O documento ainda não foi publicado no Diário Oficial da Câmara Municipal de Fortaleza e, por isso, a empresa e outros órgãos interessados ainda não foram notificados. Segundo Deodato, no entanto, já foi solicitada a publicação para que os encaminhamentos comecem a serem feitos.

Coelce
Por meio de nota, a Coelce informou que "a empresa visitada pelos vereadores possui um contrato com Coelce para coleta, transporte e reciclagem de materiais". Disse, ainda, que compareceu ao local, constatou a presença de postes quebrados, mas que "por se tratarem de resíduos inertes (ferro e cimento), não causam contaminação ao solo".

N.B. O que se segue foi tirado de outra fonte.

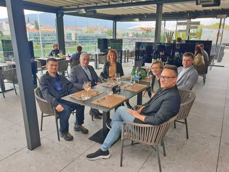 Na delovnem kosilu jih je sprejel predsednik Alma Mater, prof. dr Ludvik Toplak, kjer so skupaj z doc. dr. Tinetom Kovačičem spregovorili o možnostih nadaljnjega plodnega sodelovanja na raziskovalnih projektih, pri strateškem partnerstvu na aplikativnih projektih, možnostih akademskega ter pedagoškega sodelovanja na doktorskem in magistrskem študijskem programu fizioterapija. Beseda je tekla o krepitvi inovativnih partnerstev, vzpostavitvi oz. sodelovanju pri skupnih študijskih programih, soorganizaciji mednarodne konference in seminarjev, sodelovanje pri mednarodnih raziskavah ter nenazadnje o možnosti mobilnosti naših študentov fizioterapije.
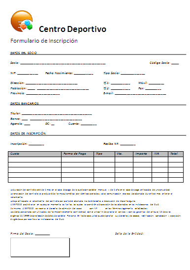 Al realizar un alta o baja, el programa copiará la plantilla correspondiente personalizándola para cada socio. Para hacerlo, se inserta la información del programa dentro del documento utilizando lo que se conoce como campos de formulario. Estos campos se rellenarán de forma automática desde el programa en el documento personalizado de cada inscripción.
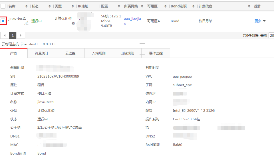 点击您的裸金属服务器进入详情页,在详情页可以对您的机器状况进行监控,包括机器详情、流量统计、云监控、入站规则、出站规则和硬件监控。

Ainda assim, afirmou que já retirou todo o material do local. A empresa afirmou também que "possui um sistema de gestão ambiental certificado pela Norma Ambiental".

Sobre as condições de trabalho dos funcionários terceirizados, o plebiscito e a cobrança em duplicidade, a Coelce não se manifestou.
 

A CPI  foi formada por Deodato Ramalho (PT), relator Joaquim Rocha (PDT) e vereadores Luciram Girão (PDT), Robert Burns (PTC), Márcio Cruz (PSD), Eulógio Neto (PDT) e João Alfredo (PSOL). Ela contou com o apoio de técnicos do Núcleo de Tecnologia Industrial do Ceará (Nutec).